The African Centre for Treatment and Rehabilitation of Torture Victims (ACTV) too, reports that many victims of torture whom they support to secure awards for compensation never get paid. These include the prominent example of 22 torture victims who were arrested and tortured as suspects for the murder of AIGP. Felix Kaweesa. They got awards of Ushs.50,000,000/= each that have never been paid up to date.

The inordinate delays in payment of awards by the human rights commission/Courts has been largely, blamed on there being no streamlined procedure for the victims to realize payment. Initially, when a file on a torture victim was received from the Court or Uganda Human Rights Commission, an internal payment procedure at the Ministry of Justice and Constitutional Affairs would commence. The Ministry had a Committee on compensation that would make a decision of payment, send a minute to the Ministry’s Accounts department for payment as and when funds are available. In this case, the Ministry received all awards of compensation against the state. The Ministry would budget for the required resources, and forward the same to the Ministry of Finance.

However, government decentralized the payment of court/tribunal awards and compensation to line ministries, departments and agencies (MDAs) effective 2015. Since the decision was operationalized, complainants have been facing even greater challenges in following up payments of Courts/Tribunal awards made against government, as the relevant MDAs keep claiming that they do not have the finances to make the payments not budgeted for.

This lack of enforcement continues to be a source of intense frustration and disillusionment experienced by torture survivors. The Government often argues that it has no money to pay  the  awards  but  this  is  widely  seen  as  reflecting  a  lack of political  will.  It is only in cases doggedly pursued by complainants that the Attorney-General’s office has at times paid compensation. The state fails to assume ultimate responsibility by paying out the awards, effectively leaving torture survivors empty-handed.
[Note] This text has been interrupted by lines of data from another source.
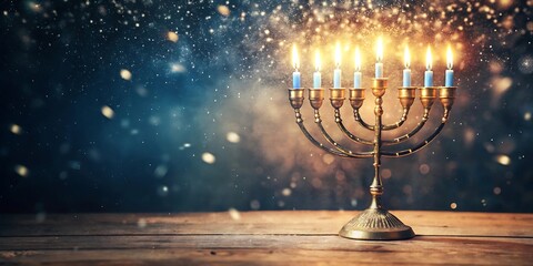 Festive hanukkah calligraphy with menorah and candles illuminated with sparkling light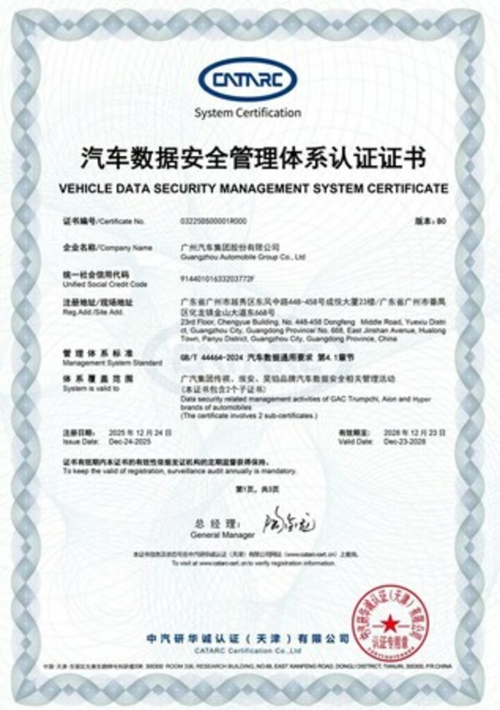 天津(中国)および広州(中国)、2025年12月31日 /PRNewswire/ -- GACは12月24日、業界初となる自動車データ・セキュリティ管理システム認証(認証番号:03225DS00001)を取得し、車両データ・セキュリティ分野において権威ある評価をあらためて獲得しました。この成果は、業界における体系的なデータ・セキュリティ構築の最前線にGACが立っていることを示すものであり、インテリジェント・コネクテッド時代における自動車データ・ガバナンスの新たなベンチマークを確立するものです。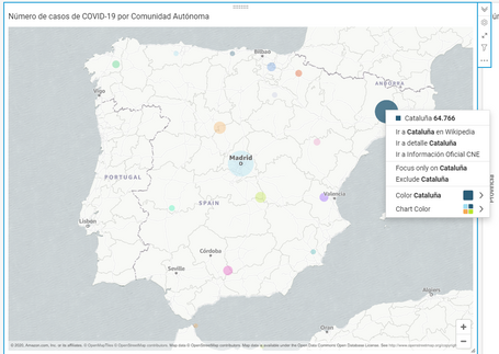 En este caso, vemos dos acciones adicionales. La primera “Ir a Cataluña en Wikipedia”, nos llevaría a un enlace externo de la información de Cataluña, mientras que la segunda “Ir a detalle Cataluña”, nos llevaría a otra parte del dashboard: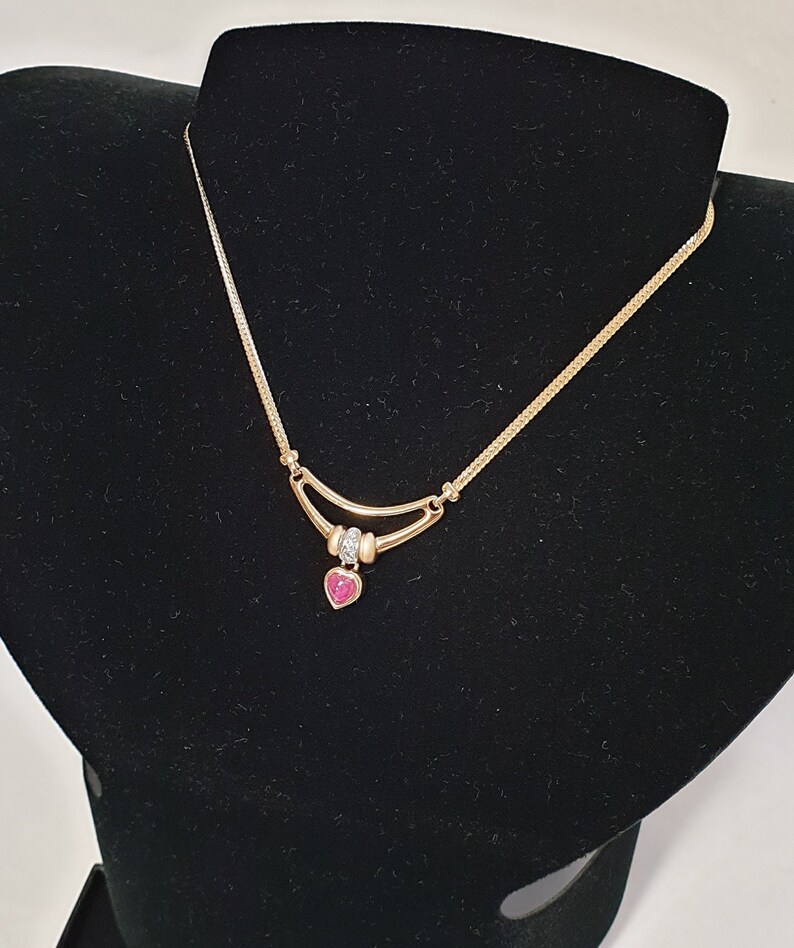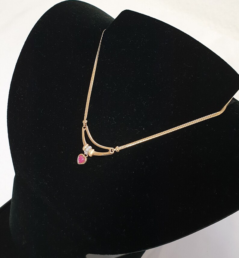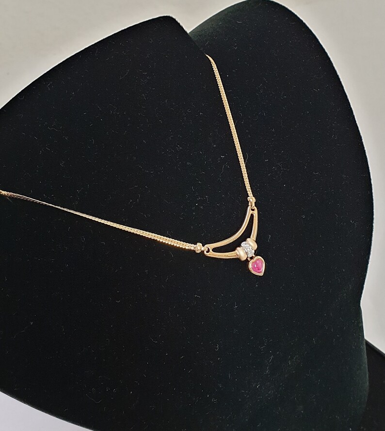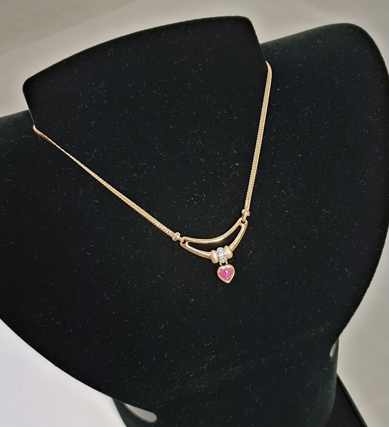 42,5 cm Kette Halskette Collier Gold 375 Rubin Herz Kristalle klar Vintage edel Design GK150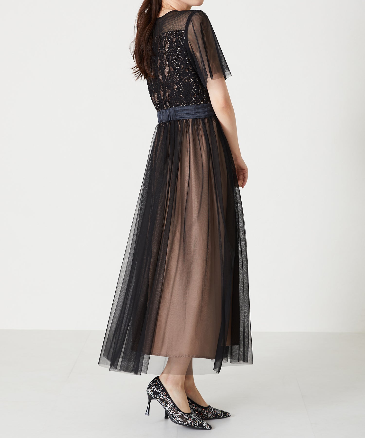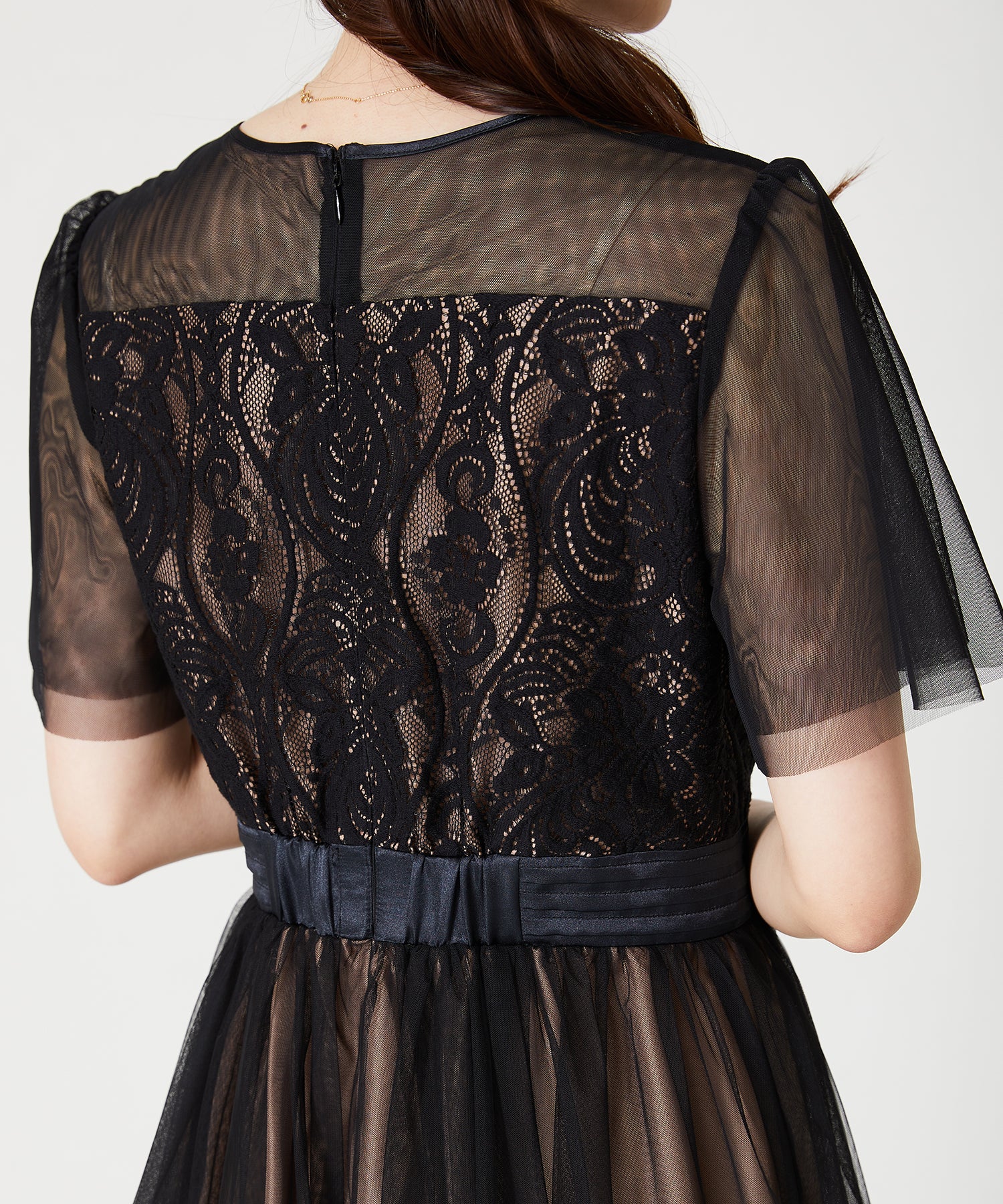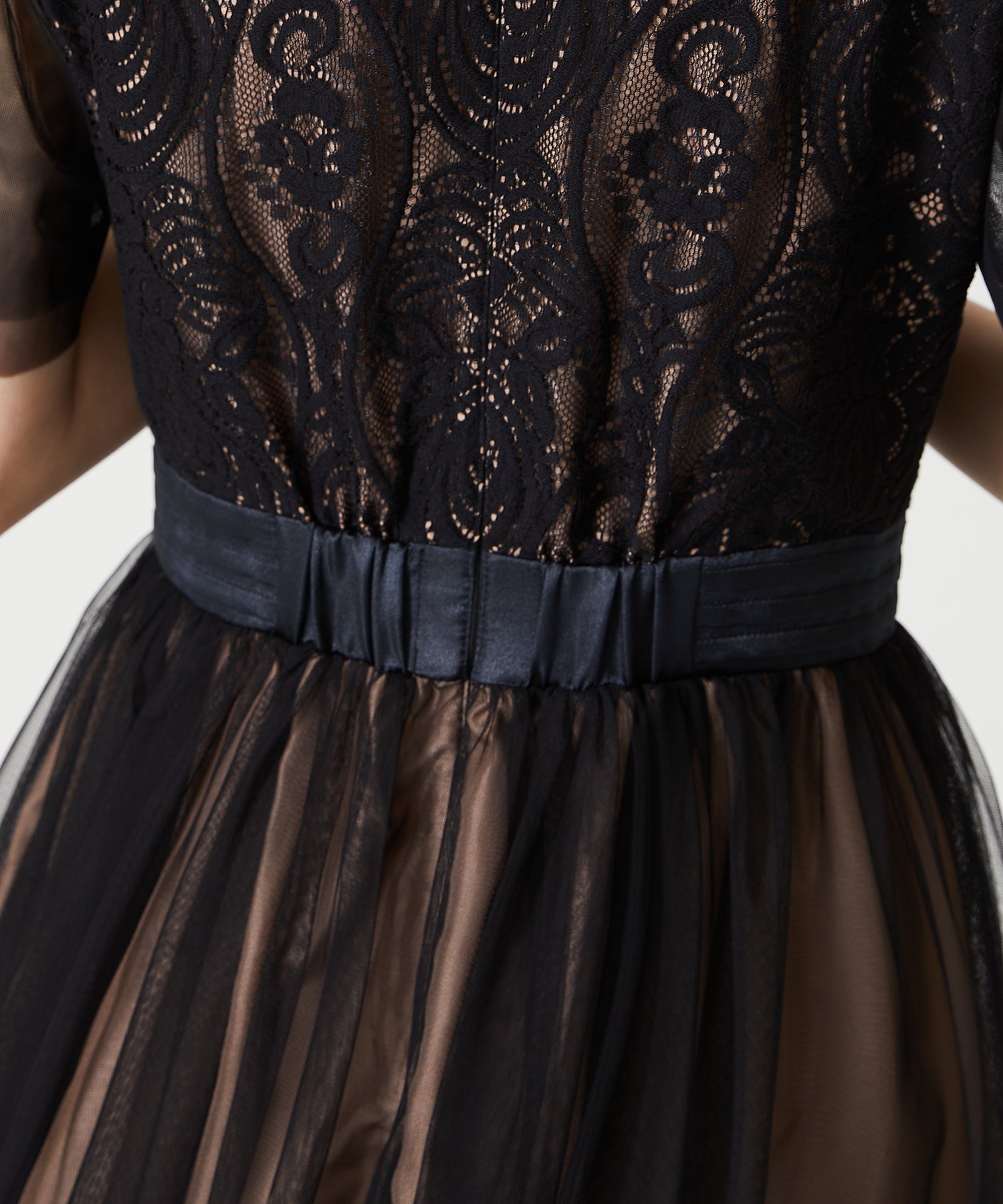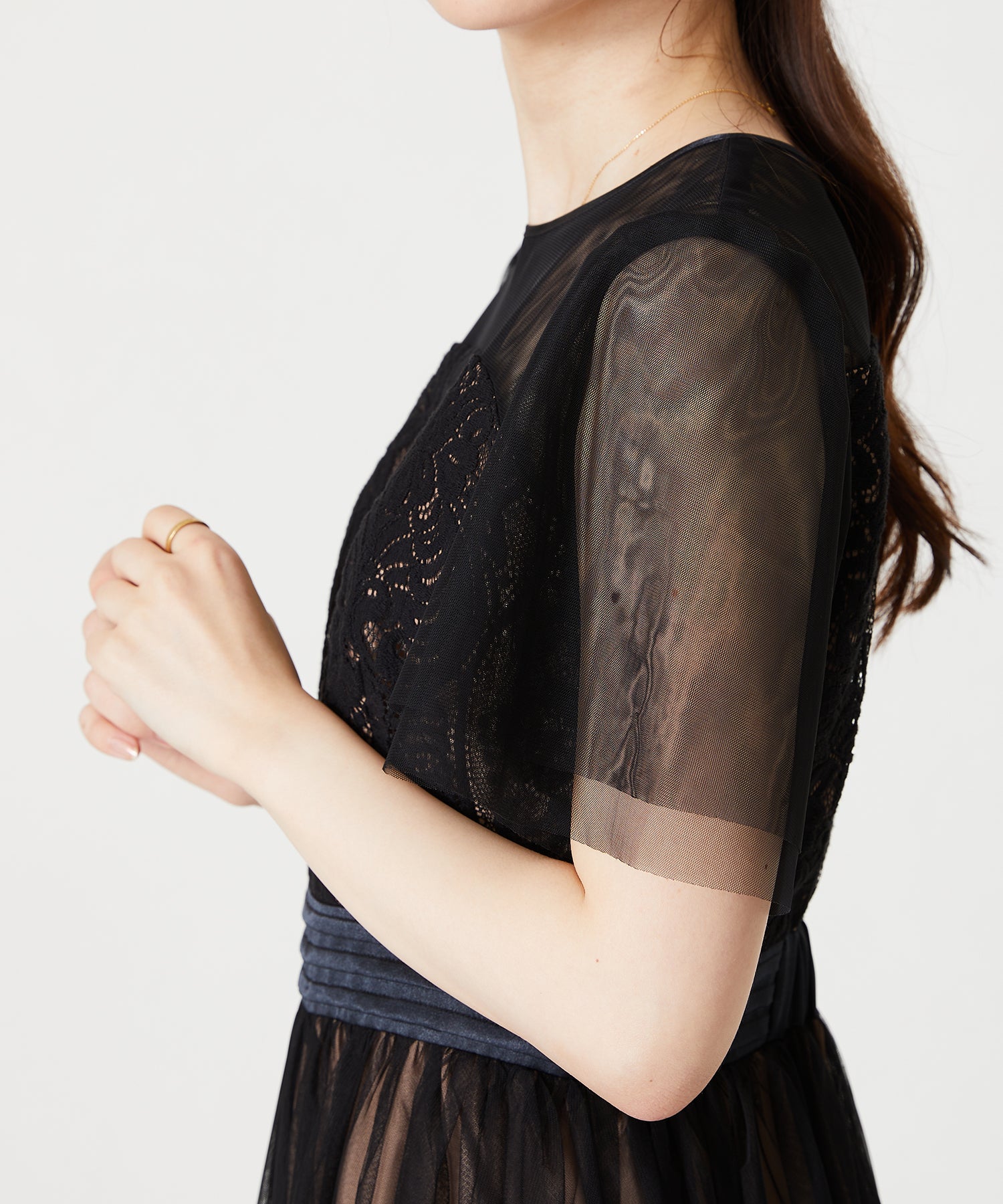 胸元の大柄レースが目を引くエレガントなワンピースは、ウエストのリボン位置を高くしたり、バイカラーにすることで腰回りが引き締まって見え、スタイルアップ効果抜群の1枚。軽やかな無地のチュール素材をベースにしているので動くと軽やかに揺れ、ふわっとしたボリューム感でフェミニンな印象にしてくれる。後ろ側にはファスナーを付けているので着脱もスムーズ。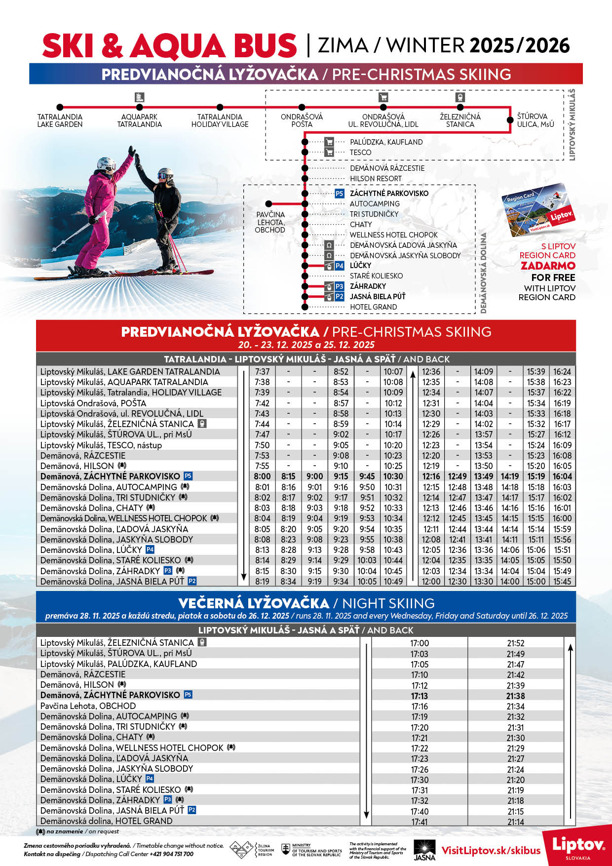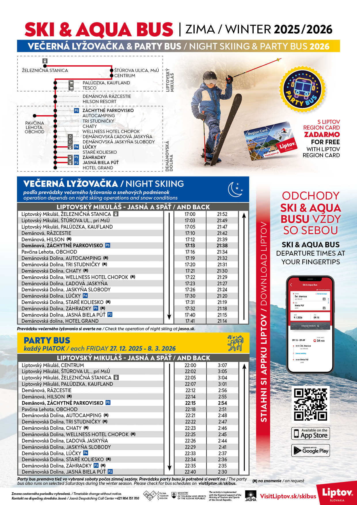 - fPočas prevádzky večerného lyžovania je v premávke skibus na večerné lyžovanie do Jasnej, na osvetlenú zjazdovku ideálnu pre rodiny s deťmi! Večerné lyžovanie v prevádzke už od 28.11.2025!!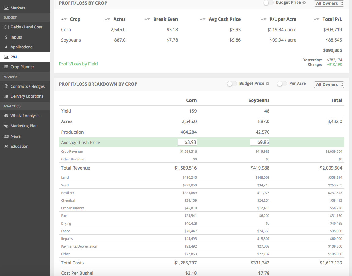 Grain marketing in today’s volatile environment is harder than ever. Our real-time* farm P&L will help you focus on what matters, your farm’s bottom line. In addition, our grain marketing plan builder will allow you to build a profit-focused marketing plan. You’ll receive notifications when your plan’s price and/or date targets have been met. This allows you to focus on raising crops instead of fixating on market prices which none of us have any control over.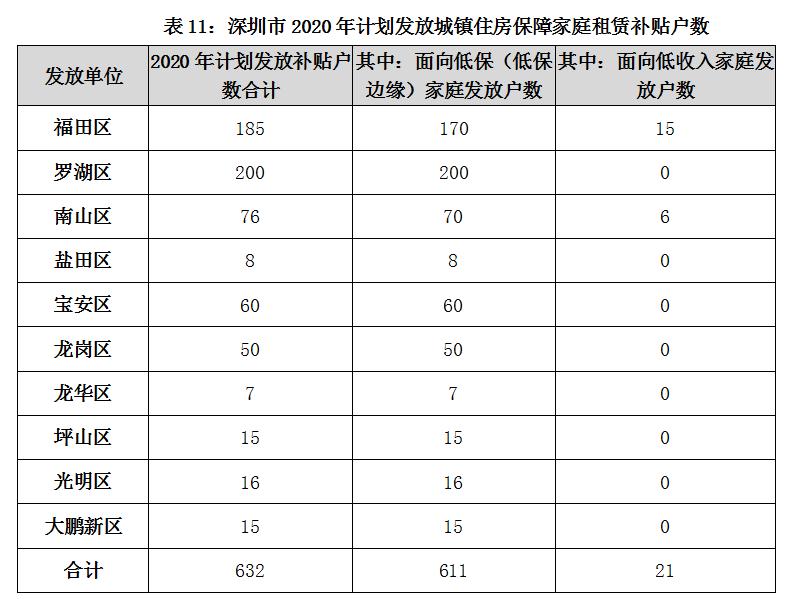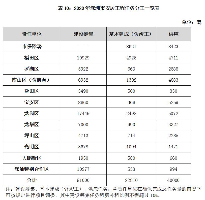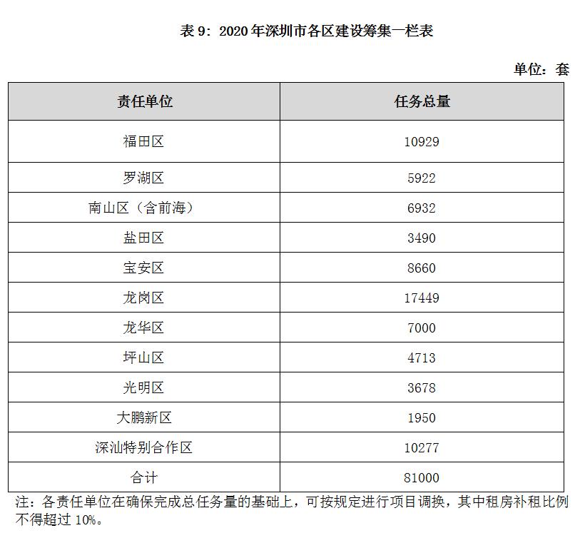 按责任单位划分,福田区计划建设筹集1.09万套,罗湖区0.59万套,南山区(含前海)0.69万套,盐田区0.35万套,宝安区0.87万套,龙岗区1.74万套(含2019年结转3757套),龙华区0.70万套,坪山区0.47万套,光明区0.37万套,大鹏新区0.20万套,深汕特别合作区1.03万套。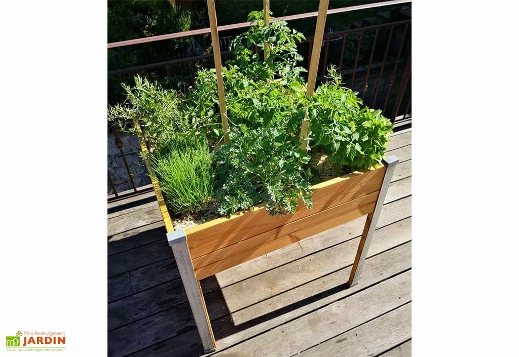 Très stable, ce carré potager dispose d’un piètement en aluminium, un matériau intéressant car naturellement insensible à la corrosion. Le prolongement de ces pieds fait office de renforts au niveau des angles, ce qui permet d’assurer la bonne tenue de l’ensemble. Il comprend également des capuchons en PVC recyclé. Notez que ce potager sur pied est livré en kit (montage facile, sans outils), accompagné d’un feutre de protection.

The UHRC has from as far back as 2005 repeatedly stressed that the Government should establish a Victims Compensation Fund to compensate victims where perpetrators are unable to pay none of which has been heeded. It is clear therefore, that the main challenges to payment of compensation is lack of a clear processing and follow up system, corruption, non-prioritization of compensation for funding and the general social political attitude in the country.

There is thus an apparent need to cause structural changes through collective action, and advocacy to deal with the malaise of undue delay and non-payment of compensation awards. The biggest human rights violation in Uganda is torture. Unfortunately, there is scanty advocacy around the issue. As we fight to eliminate torture, the least government can do is to compensate the victims.

The writer is an Advocate of the High Court of Uganda, an Assistant law lecturer at the Islamic University in Uganda, Human Rights lawyer and a fellow of the East Africa Emerging Public Interest Advocates Program (EAEPIAP) by Centre for Strategic Litigation, Tanzania.